Маникс сильно хлопнул себя по колену. Казалось, он не слыхал вопроса. Головокружение прошло, Калвер встал и поднес застывшие руки к лампе.
– Если в полку и в дивизии пронюхают про это дело, наверняка вставят фитиль паршивцу, - сказал Маникс.
– Они уже знают. Сказали - валяй.
– Брось. Откуда ты взял?
– Он сам сказал, еще до твоего прихода. Говорит, что радировал на базу, просил разрешения.
– Паршивец.
– Сам бы он не посмел, - сказал Калвер.
– Не пойму только, почему они согласились.
– Свинья. Скотина. Это он не из-за штабной роты. Сам знаешь. Отличиться хочет.

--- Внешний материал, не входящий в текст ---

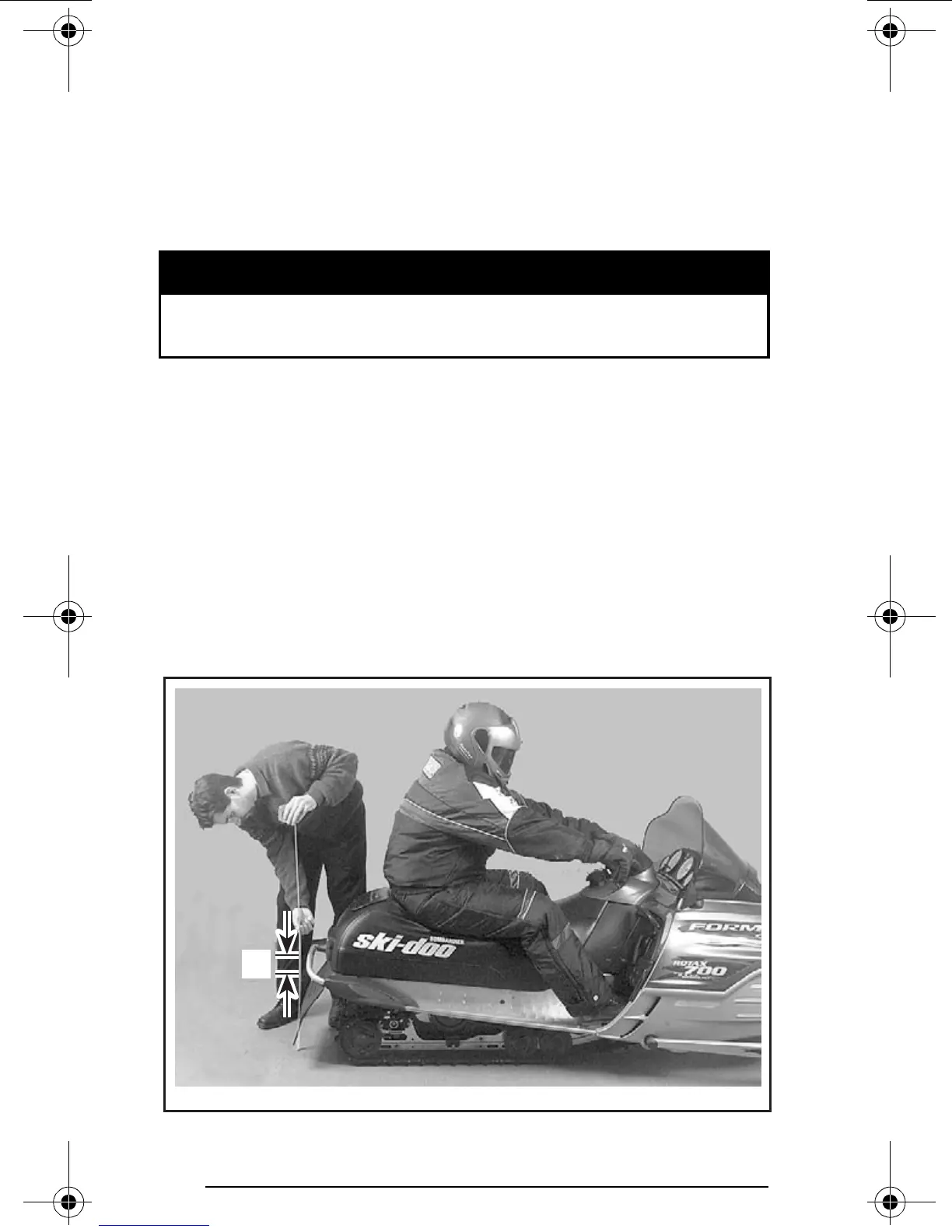 this point, rear of snowmobile should collapse by 50 to 75 mm (2 to

Закаляю, мол, людей.
– Все же есть одно утешение, - помолчав, сказал Калвер.
– Если только оно тебя утешит.
– Какое еще утешение?
– Каменный Старик, или как там его зовут, сам пойдет с нами.
– Ты думаешь?
– с сомнением спросил Маникс.
– Конечно. И ты так думаешь. Он не посмеет ехать на машине.
Маникс помолчал. Но он, казалось, был одержим идеей, что в каждом поступке Темплтона кроется злой умысел.
– Ну и сукин же сын. Он в этих походах - как рыба в воде. Он шесть лет по болотам бегал, упражнялся, пока нормальные люди, вроде нас с тобой, сидели дома и жили в свое удовольствие. Он да Билли Лоуренс. Два сапога пара. Где уж штатским тягаться с ними. Господи! А Хоббс? Ты только посмотри на этого радиста, на Хоббса. Да он через две минуты ноги протянет...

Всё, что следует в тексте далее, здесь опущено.